What to produce
Up to and including the line with "01 Kapselhäuser, Solingen-Caspersbroich, nicht", restate every line of the records below word for word, from the first line on, leaving out the pictures.

§

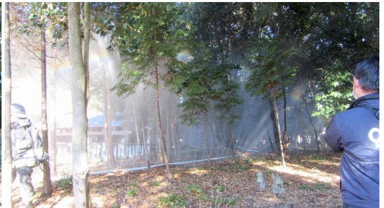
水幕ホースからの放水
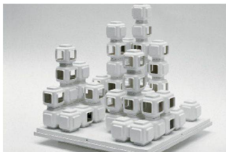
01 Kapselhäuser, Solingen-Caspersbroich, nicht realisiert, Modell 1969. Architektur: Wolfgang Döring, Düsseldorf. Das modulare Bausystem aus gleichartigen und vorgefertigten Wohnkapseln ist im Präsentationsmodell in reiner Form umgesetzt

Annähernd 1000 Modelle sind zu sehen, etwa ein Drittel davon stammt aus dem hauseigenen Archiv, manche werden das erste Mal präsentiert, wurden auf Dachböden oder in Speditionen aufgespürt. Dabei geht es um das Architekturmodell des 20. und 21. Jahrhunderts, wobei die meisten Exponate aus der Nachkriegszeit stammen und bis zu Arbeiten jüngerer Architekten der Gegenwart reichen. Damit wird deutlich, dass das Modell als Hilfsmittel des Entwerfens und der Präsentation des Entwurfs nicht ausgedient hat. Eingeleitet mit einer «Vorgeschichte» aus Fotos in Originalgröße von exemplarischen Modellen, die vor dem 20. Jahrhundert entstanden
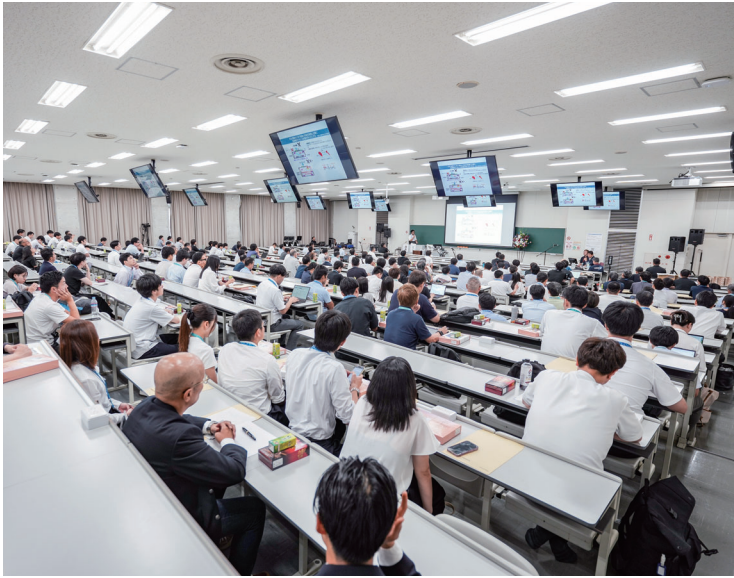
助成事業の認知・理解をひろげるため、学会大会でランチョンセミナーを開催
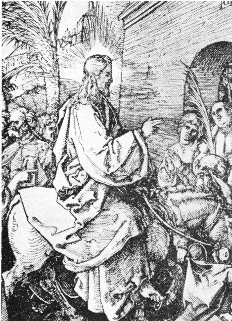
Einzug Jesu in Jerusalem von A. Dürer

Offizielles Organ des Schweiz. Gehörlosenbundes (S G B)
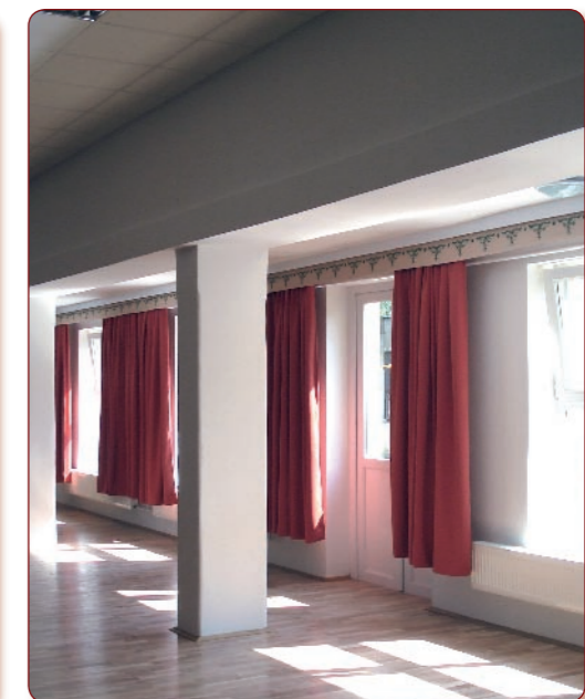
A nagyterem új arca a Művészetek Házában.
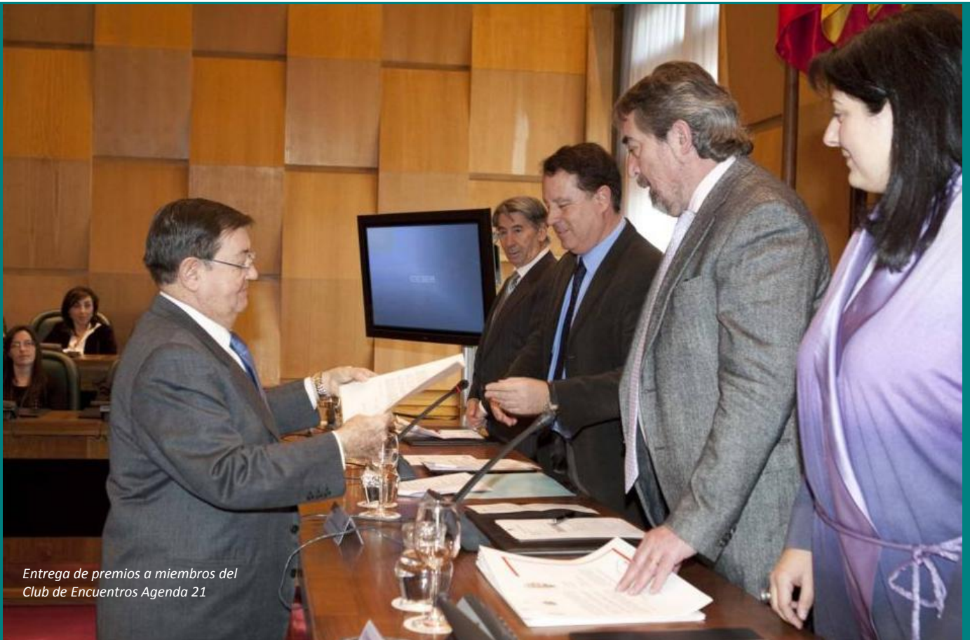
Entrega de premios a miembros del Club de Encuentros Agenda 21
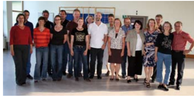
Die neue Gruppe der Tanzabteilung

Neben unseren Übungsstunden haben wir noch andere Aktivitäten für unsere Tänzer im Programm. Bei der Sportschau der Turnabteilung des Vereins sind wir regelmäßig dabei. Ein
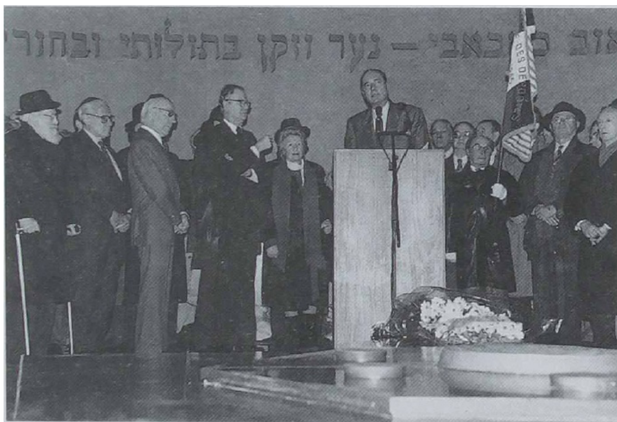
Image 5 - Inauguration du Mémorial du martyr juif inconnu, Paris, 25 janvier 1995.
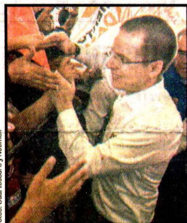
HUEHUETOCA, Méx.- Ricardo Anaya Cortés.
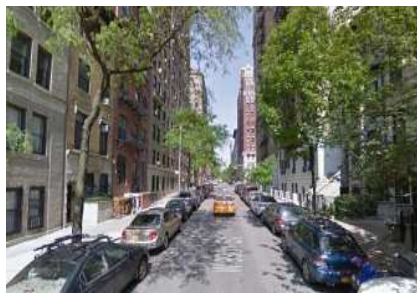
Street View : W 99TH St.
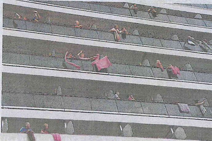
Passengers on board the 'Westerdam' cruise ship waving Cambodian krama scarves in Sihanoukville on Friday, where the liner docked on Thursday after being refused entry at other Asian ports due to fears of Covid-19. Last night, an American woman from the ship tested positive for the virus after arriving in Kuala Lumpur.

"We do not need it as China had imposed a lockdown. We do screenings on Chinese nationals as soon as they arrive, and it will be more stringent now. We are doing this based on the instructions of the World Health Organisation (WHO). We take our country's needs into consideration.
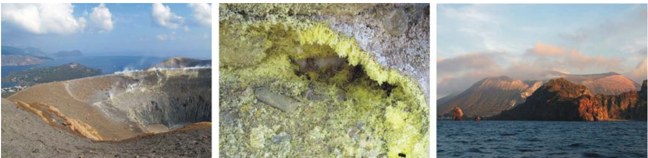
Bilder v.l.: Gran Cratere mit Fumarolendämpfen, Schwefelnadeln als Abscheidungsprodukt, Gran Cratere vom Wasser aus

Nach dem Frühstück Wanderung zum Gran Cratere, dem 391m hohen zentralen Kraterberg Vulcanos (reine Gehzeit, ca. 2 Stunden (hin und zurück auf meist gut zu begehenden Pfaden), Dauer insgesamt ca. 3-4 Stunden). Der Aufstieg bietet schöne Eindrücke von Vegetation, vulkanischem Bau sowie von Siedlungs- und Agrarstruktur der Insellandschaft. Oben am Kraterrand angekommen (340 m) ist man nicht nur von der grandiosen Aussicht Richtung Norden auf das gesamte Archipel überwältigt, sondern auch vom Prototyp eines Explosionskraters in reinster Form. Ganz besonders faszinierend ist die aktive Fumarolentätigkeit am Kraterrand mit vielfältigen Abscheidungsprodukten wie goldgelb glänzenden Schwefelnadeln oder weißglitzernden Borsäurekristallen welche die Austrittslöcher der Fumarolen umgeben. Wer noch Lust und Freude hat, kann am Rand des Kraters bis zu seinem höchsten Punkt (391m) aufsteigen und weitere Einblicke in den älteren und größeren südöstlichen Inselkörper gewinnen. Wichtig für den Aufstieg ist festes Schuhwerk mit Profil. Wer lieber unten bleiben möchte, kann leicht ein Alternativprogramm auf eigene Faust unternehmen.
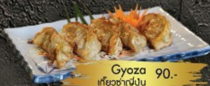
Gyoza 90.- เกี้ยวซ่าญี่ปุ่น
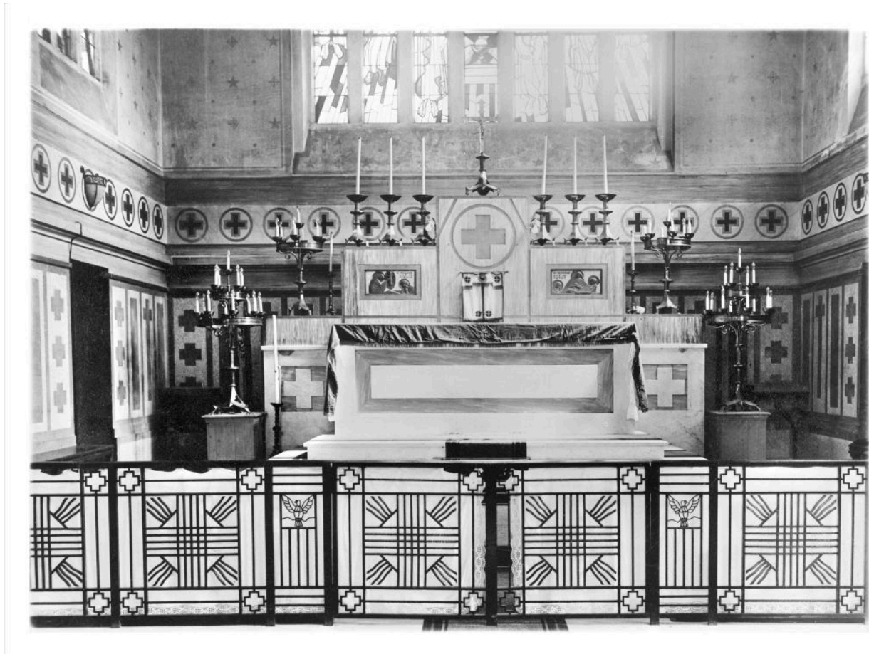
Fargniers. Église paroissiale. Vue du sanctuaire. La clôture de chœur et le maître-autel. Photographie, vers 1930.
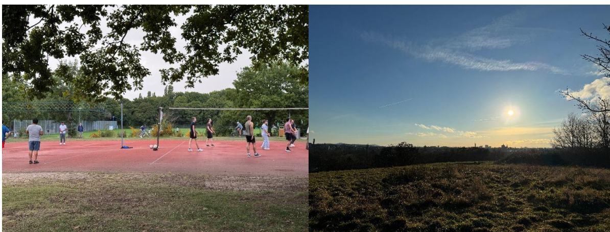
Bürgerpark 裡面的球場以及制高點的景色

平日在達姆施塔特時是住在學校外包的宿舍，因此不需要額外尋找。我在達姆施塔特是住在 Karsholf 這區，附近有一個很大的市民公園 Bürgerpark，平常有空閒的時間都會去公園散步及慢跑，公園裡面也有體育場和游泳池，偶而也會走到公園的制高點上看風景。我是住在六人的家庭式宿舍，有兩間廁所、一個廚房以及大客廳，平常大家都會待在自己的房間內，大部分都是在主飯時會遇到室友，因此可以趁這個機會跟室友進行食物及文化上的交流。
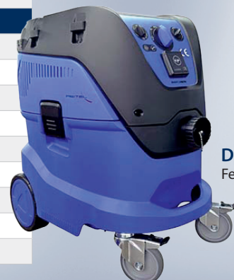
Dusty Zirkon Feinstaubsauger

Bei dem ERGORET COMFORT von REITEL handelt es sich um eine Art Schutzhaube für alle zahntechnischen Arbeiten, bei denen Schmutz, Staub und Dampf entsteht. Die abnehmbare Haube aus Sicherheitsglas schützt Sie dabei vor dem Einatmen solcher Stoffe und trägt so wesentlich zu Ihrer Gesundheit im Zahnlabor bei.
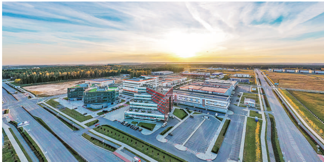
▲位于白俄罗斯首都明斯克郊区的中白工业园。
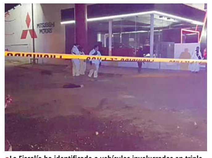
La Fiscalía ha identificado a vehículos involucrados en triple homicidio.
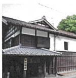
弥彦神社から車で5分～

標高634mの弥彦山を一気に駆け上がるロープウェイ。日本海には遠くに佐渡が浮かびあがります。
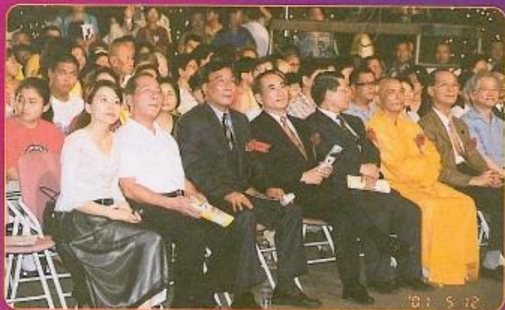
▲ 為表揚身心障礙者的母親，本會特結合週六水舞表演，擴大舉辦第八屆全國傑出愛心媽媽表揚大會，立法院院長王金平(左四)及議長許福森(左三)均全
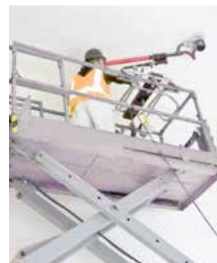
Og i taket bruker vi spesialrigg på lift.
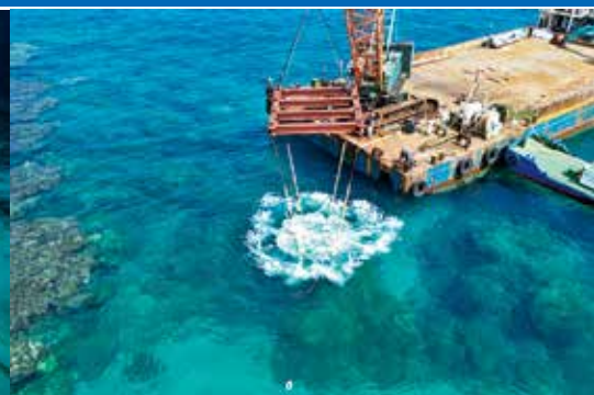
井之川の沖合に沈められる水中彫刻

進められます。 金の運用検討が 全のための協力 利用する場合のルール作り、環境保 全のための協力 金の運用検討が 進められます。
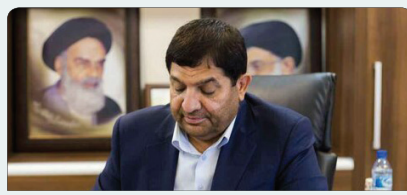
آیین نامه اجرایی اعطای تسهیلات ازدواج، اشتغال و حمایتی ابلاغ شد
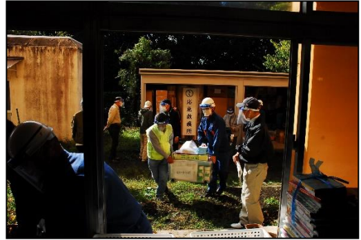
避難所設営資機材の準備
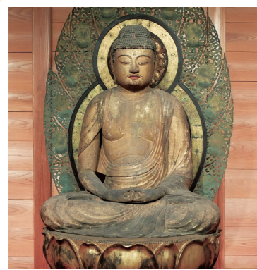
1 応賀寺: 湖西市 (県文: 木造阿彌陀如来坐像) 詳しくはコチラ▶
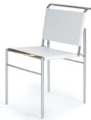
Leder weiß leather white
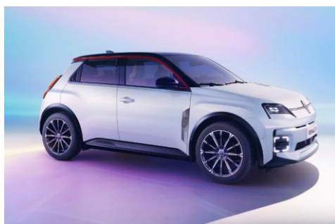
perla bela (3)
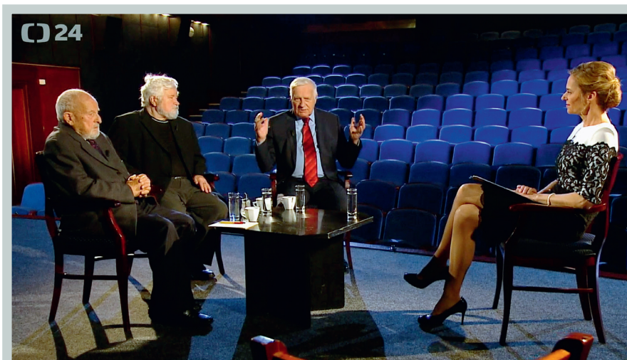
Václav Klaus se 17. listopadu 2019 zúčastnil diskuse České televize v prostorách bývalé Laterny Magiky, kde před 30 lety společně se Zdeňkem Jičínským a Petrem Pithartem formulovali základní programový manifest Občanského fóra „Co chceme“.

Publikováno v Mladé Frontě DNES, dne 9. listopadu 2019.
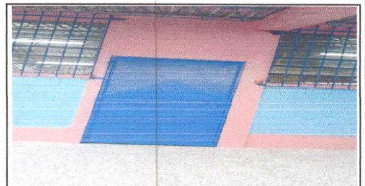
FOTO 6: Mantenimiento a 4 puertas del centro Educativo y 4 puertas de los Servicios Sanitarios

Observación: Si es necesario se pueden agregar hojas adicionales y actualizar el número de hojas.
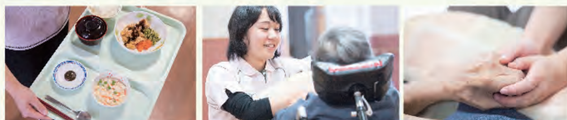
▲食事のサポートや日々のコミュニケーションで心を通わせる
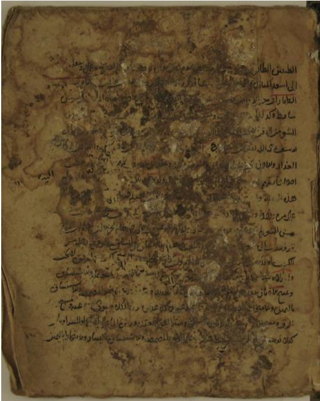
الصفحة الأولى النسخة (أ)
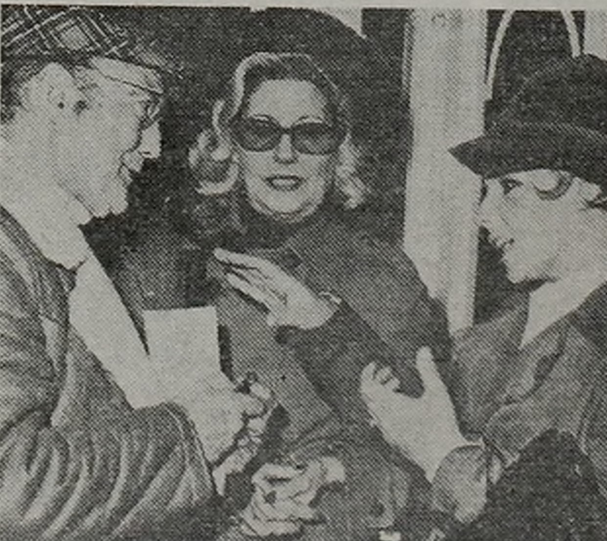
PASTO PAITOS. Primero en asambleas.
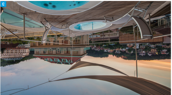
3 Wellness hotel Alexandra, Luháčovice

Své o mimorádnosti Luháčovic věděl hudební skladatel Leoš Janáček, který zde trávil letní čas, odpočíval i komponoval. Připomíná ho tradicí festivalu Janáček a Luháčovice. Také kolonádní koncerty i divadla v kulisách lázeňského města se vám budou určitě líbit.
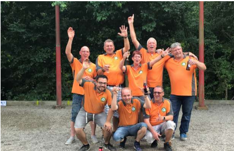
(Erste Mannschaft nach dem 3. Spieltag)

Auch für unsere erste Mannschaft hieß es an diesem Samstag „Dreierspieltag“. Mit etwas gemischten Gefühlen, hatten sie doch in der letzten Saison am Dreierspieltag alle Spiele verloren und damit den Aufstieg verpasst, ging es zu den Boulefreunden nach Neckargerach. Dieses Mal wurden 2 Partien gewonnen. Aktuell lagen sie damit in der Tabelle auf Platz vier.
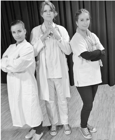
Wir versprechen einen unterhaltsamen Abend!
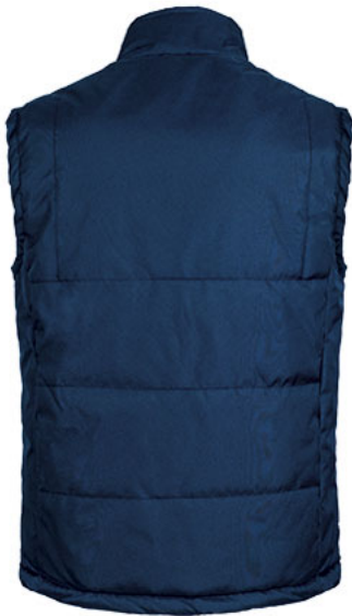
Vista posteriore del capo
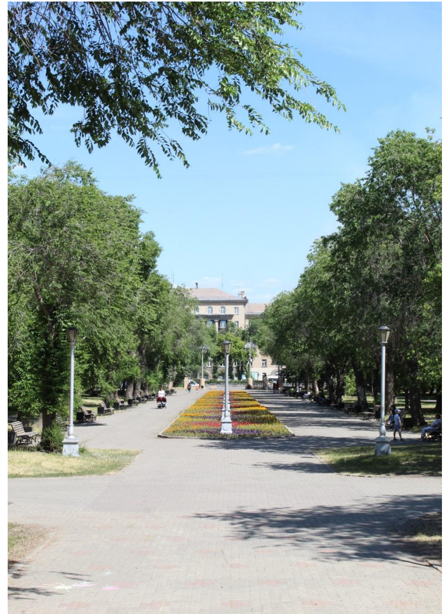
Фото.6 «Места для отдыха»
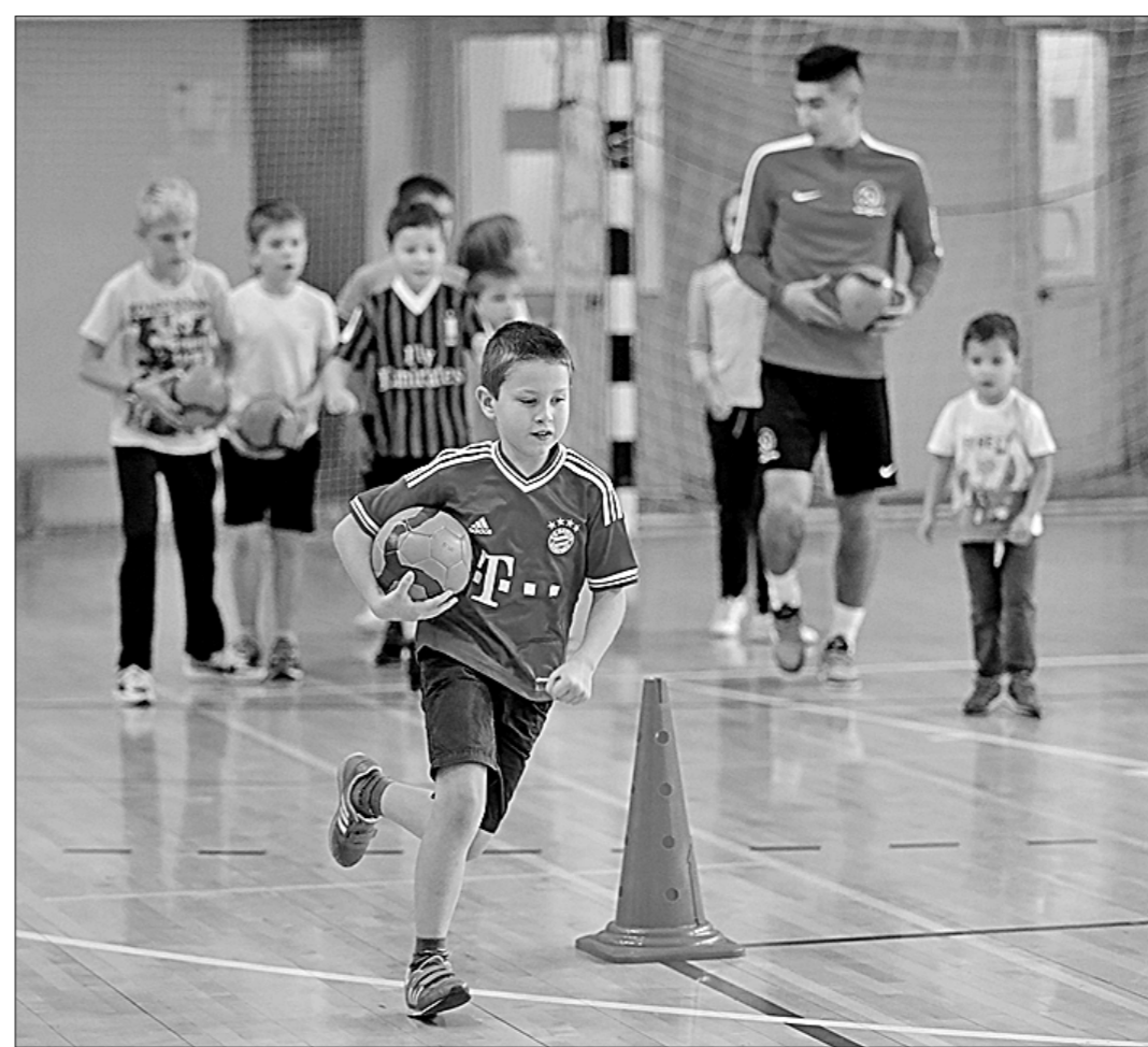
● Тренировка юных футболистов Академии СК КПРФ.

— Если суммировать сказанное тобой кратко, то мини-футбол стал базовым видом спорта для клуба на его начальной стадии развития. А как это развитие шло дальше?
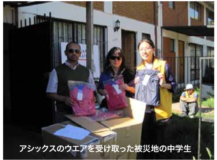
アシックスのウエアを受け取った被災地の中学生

§

Worked solution
水幕ホースからの放水
01 Kapselhäuser, Solingen-Caspersbroich, nicht realisiert, Modell 1969. Architektur: Wolfgang Döring, Düsseldorf. Das modulare Bausystem aus gleichartigen und vorgefertigten Wohnkapseln ist im Präsentationsmodell in reiner Form umgesetzt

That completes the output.